At his arraignment, Koon requested an attorney. However, before an attorney was provided, officers questioned Koon about the burglary and Koon led them to the location of other items stolen from the probation office, including badges, telephones, and the two-way radio. During trial, the court granted a motion to suppress that evidence (hereinafter “suppressed evidence”), holding that the “state has failed to . . . prove” that “the defendant was [not] denied right to counsel.” J.A. 90.

During preparation for trial, Koon communicated with the trial court on several occasions. On April 3, 1998, Koon sent a letter to the court, stating that he was “informing the court I am asserting my rights under Faretta v. California to represent my-self, to insure [sic] that matters raised in this letter and other matters are raised at my trial.” J.A. 65. The trial court forwarded the letter to Koon’s counsel, with the following instructions: “If there needs to be a hearing with Mr. Koon or you just need to speak with Judge Hayes about this letter, please don’t hesitate to call our office.” J.A. 74.
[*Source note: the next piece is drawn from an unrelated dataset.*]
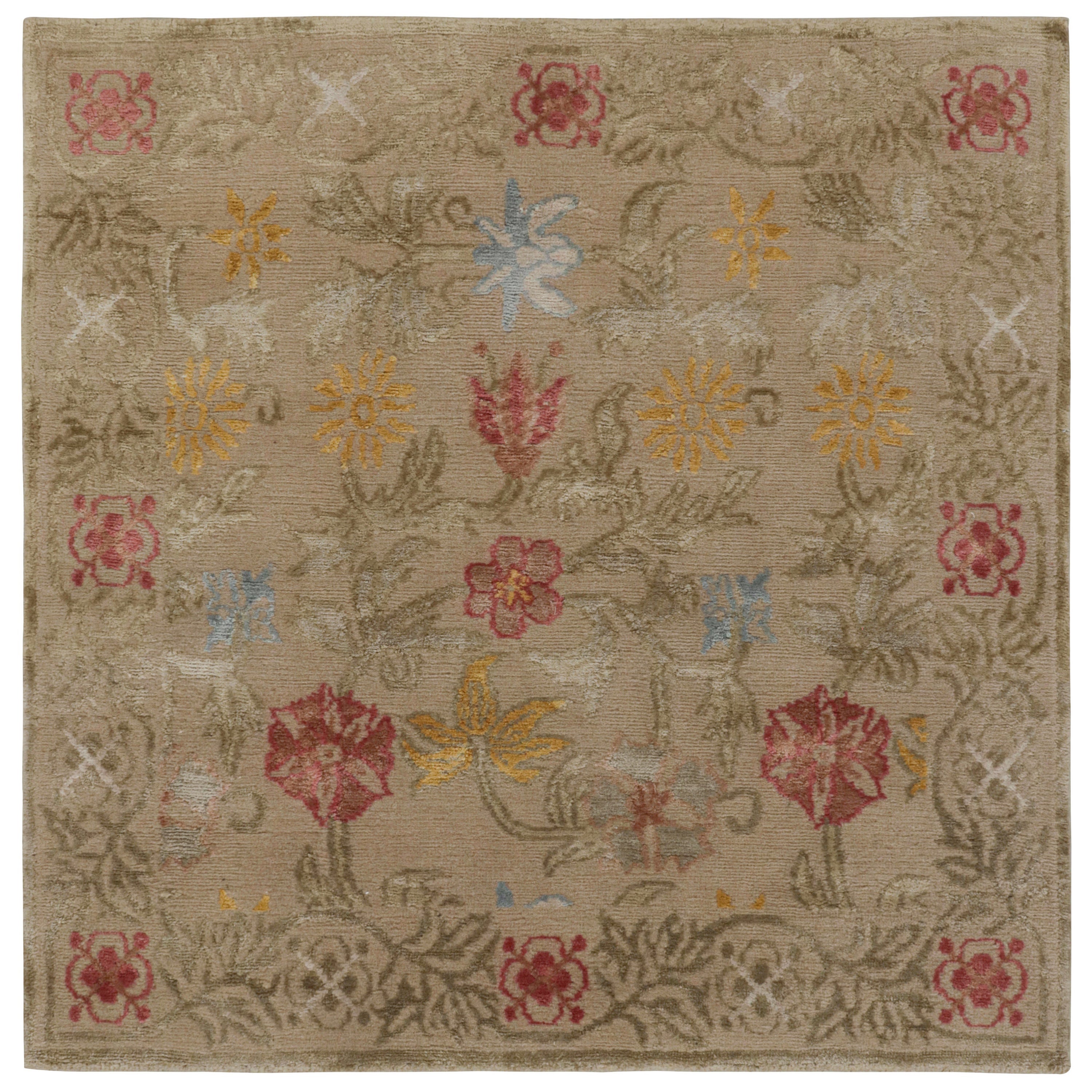 Moderner Art Deco Stil Handgefertigter Wollteppich in Rosa mit Blumenmuster
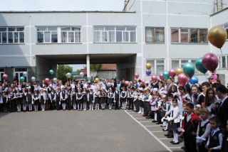 Мэр приехал в наш район, уже побывав в двух городских школах. Все образовательные учреждения очень разные, по-разному проходят и линейки в них. В школе №112, к примеру, выпускников приветствовали в актовом зале. А в 165-й по традиции педагоги, ученики и гости собрались в школьном дворе.

Koon wrote several more letters to the trial court requesting that the court issue subpoenas, but contradicting his initial correspondence stating that he “may” represent himself, J.A. 70, 71, noting his “possible (pro se) representation,” J.A. 71, and signing the letters as a “Pro Se Defendant.” J.A. 70, 71, 76. In these letters, Koon also made several references to “my attorney,” Mitch Slade (“Slade”), informing the court that Slade “may supeano [sic] additional witnesses,” J.A. 73, that the court send a copy of its response to Koon and to his attorney, and directing the court to contact “my atty. Mitch Slade.” J.A. 76. The court returned these letters to Koon, directing him “to make this request to your attorney.” J.A. 70.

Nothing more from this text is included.